No. 303: Newsletter Economics

On newsletter economics. Perhaps, digital media growth was intended to be slow and methodical. It could be said that the best models for media are devoid of venture capital. Without it, publishers would have to grow their audiences reader by reader, transaction by transaction. For many newsletter-driven media companies, this has been the method. Building a moat around a product once involved volume by way of Facebook and Google; today it means building a world without either. Customer acquisition principles in the realms of direct-to-consumer products and independent media are quite similar. Capital efficiency and acquisition independence are the aims of each industry. The races are long and unceremonious but the benefits of organic growth remain the treasure at the end of the rainbow.

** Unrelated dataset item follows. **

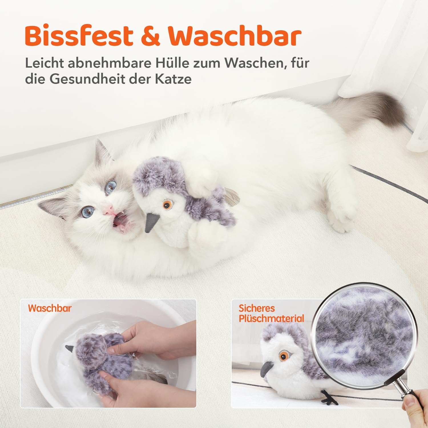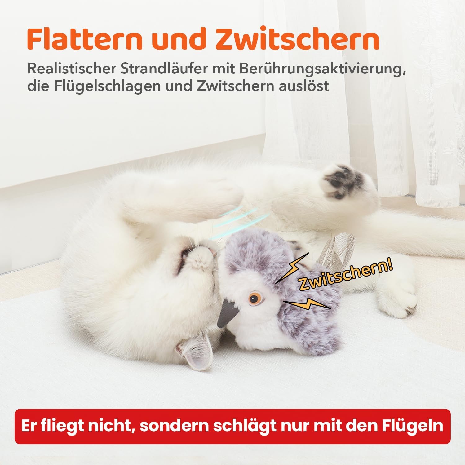 • Реалистична играчка за птици с чуруликане: Меката птица бекас издава реалистични чуруликащи звуци, които насърчават естествения ловен инстинкт на вашата котка. Акцент сред играчките за птици - идеална за котки, които обичат разнообразието.

In 2016, WIRED published an article entitled The Blissfully Slow World of Internet Newsletters. In the article, it discusses a few of the pivotal email-driven media publications of this era (2015-2019):

This isn’t a new digital gold mine poised to monetize all our eyeballs. Sure, there are some professional-class newsletters. Ben Thompson’s Stratechery costs $100 a year. Lena Dunham’s Lenny Letter has 400,000 subscribers; theSkimm, a news summarizer, has over 1.5 million. But from what I’ve seen, more newsletters are in the long tail—publishing for audiences from the single-digit thousands to the dozens. They’re engineered not for virality but originality: It’s a chance to listen in while someone thinks out loud.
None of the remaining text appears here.